Poster Presentation HUPO 2019 - 18th Human Proteome Organization World Congress

A fast and universal sample preparation proteomic workflow for cancer biopsies sourced from different embedding methods (#914)

Steven G Williams 1 , Asim Anees 1 , Srikanth Manda 1 , Jennifer M S Koh 1 , Clare Loudon 1 , Belinda Serafin 1 , Brett Tully 1 , Roger Reddel 1 , Qing Zhong 1 , Peter G Hains 1 , Phil J Robinson 1
  1. The Childrens Medical Research Institute, Westmead, NSW, Australia

The main solid samples available for proteomics of cancer biopsy tissues include: Fresh-frozen (FF), OCT polymer embedded FF (FF-OCT), or formalin-fixed paraffin embedded (FFPE).
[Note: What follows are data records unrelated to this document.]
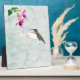 Ruby-throated hummingbirds gather along the Gulf Coast throughout the months of August and September, preparing for their annual migration to their winter home in Mexico. While preparing they seek-nectar filled blooms of plants like the fuschia and trumpet vine to fuel them on their journey. This design features a female ruby-throat approaching a tempting pink and purple fuschia bloom.
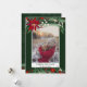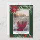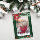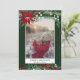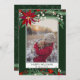 Envíe sus saludos de Navidad con esta moda y diseño moderno de Navidades verdes, rojos, de invierno con una poinsettia roja pintada a mano bonito, ramas verdes con nieve blanca, agregue su foto con un moderno borde geométrico sobre verde oscuro. Todo el color del texto es editable.
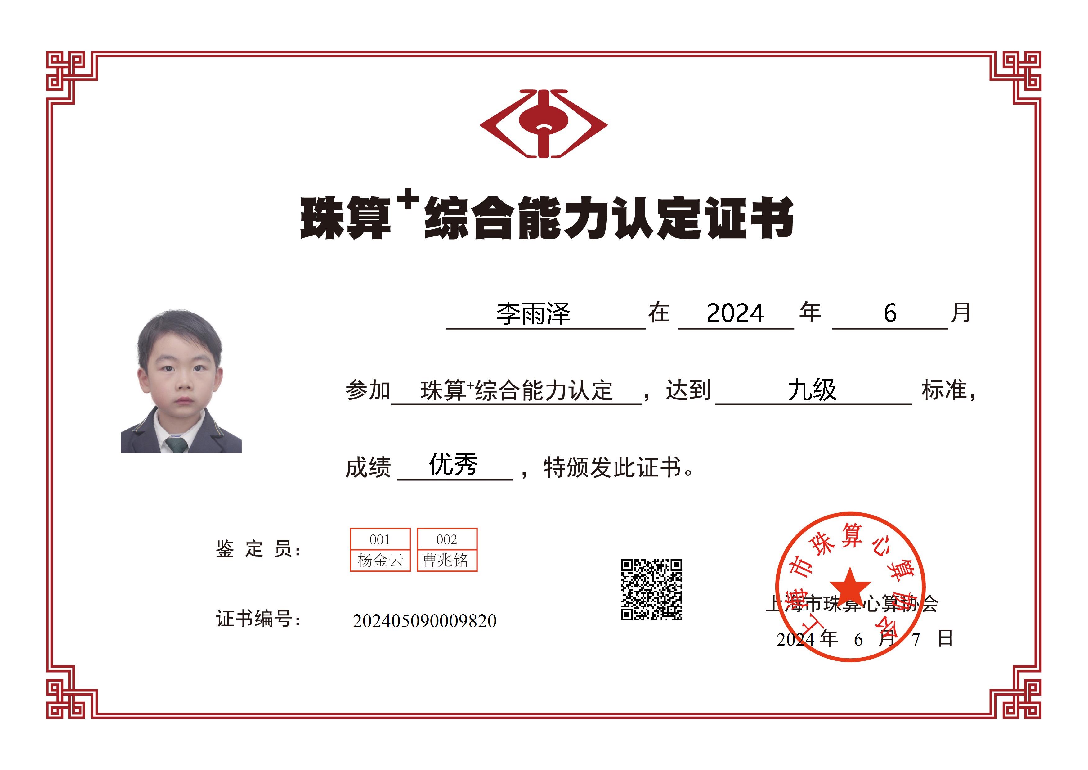 2024年7月8日 23:28 433498 20240607-少儿学校-珠算+九级-李雨泽.jpg

Sample preparation prior to mass spectrometry (MS) requires different approaches for each. First is the time-consuming washing steps to remove OCT or paraffin. Next the tissues are lysed and proteolytically digested, and finally impurity removal by solid phase extraction (SPE). Different SPE approaches may be required for FF-OCT or FFPE since standard SPE on C18 resin does not remove polymers. In contrast, tissue lysis and digestion can be performed in common in a Barocycler.
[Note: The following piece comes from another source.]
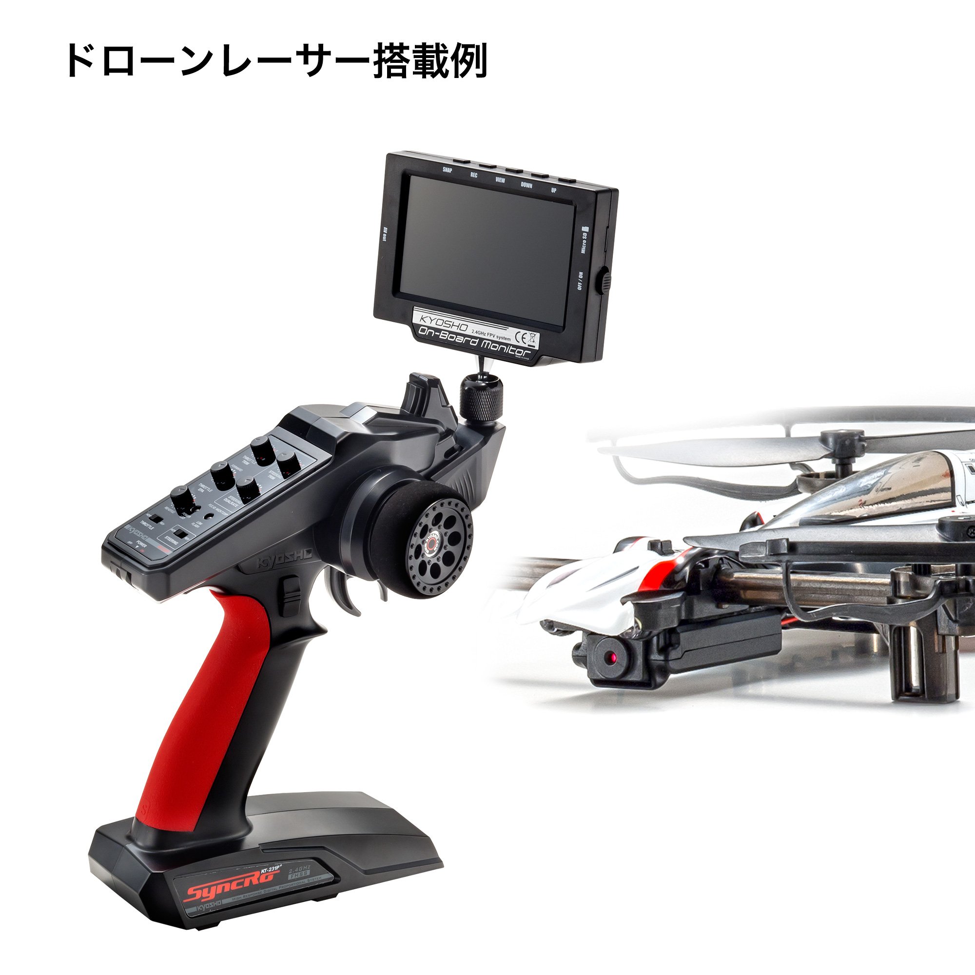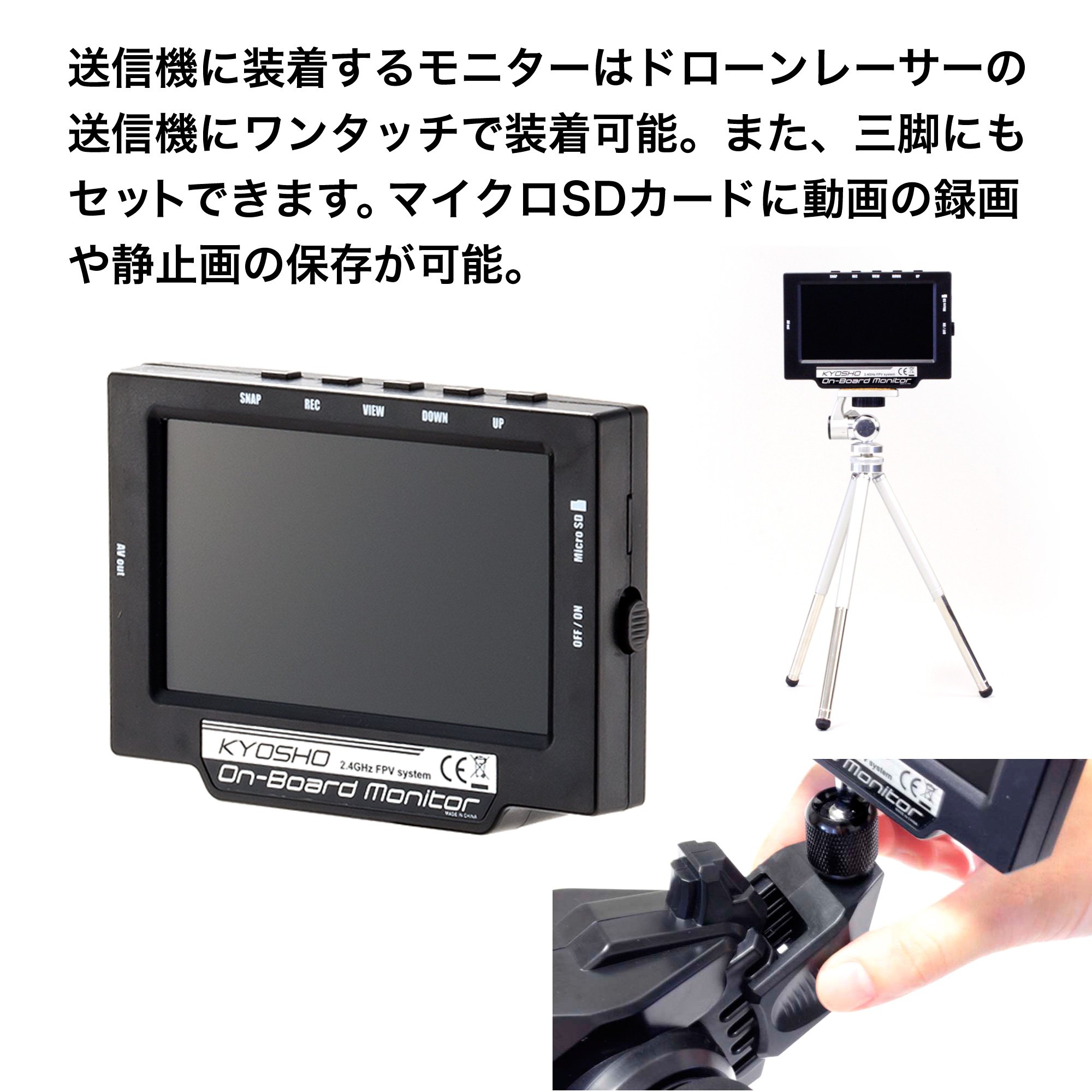 "KYOSHO onboard monitor" which is equipped with wireless camera and monitor, which can easily enjoy FPV which can be steered while watching images during flight (running) on the existing R / C model.

We aimed to produce a near-universal sample preparation workflow across tissue sources. Jennifer Koh (see HUPO 2019 poster) developed an SPE method on mixed cation exchange (MCX) resin that removes OCT, allowing elimination of FF-OCT sample washing. Our first aim was to reduce the washing steps for FFPE samples. We developed a 10 min procedure for de-waxing in heated heptane then methanol that is sufficient to remove the wax, reducing washing steps by hours. Reversal of cross-linking was performed during a standard Barocycler digestion. This effectively eliminates sample washing for all typical cancer solid biopsies.
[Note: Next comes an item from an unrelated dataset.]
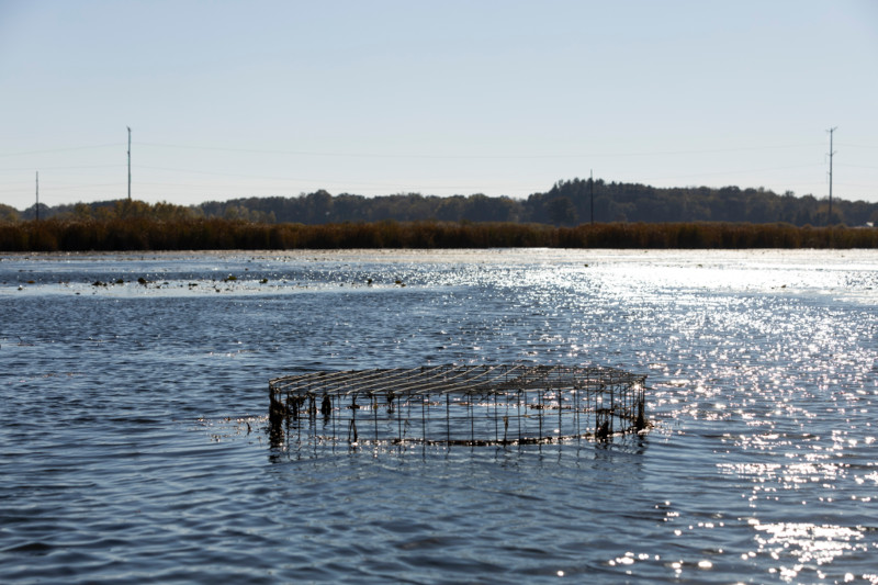 Backed-up water enlarged the surrounding marsh and pond, where sandhill cranes, geese and ducks meander through a boggy stew of algae, lily pads and submerged logs.

We next determined the optimum SPE method. C18 cannot be used with OCT, but both MCX and silica resins are alternatives for peptide clean-up. With all three sample sources and five rat organs representing a broad tissue density range, we found that all three SPE methods performed well. Both MCX and silica removed OCT, while all three cleaned up FF and FFPE samples. Each method was tested for reproducibility in multiple replicates.

The results show near-universal sample washing and peptide clean-up procedures, that are robust and suitable for any solid tissue source regardless of tissue fixation method.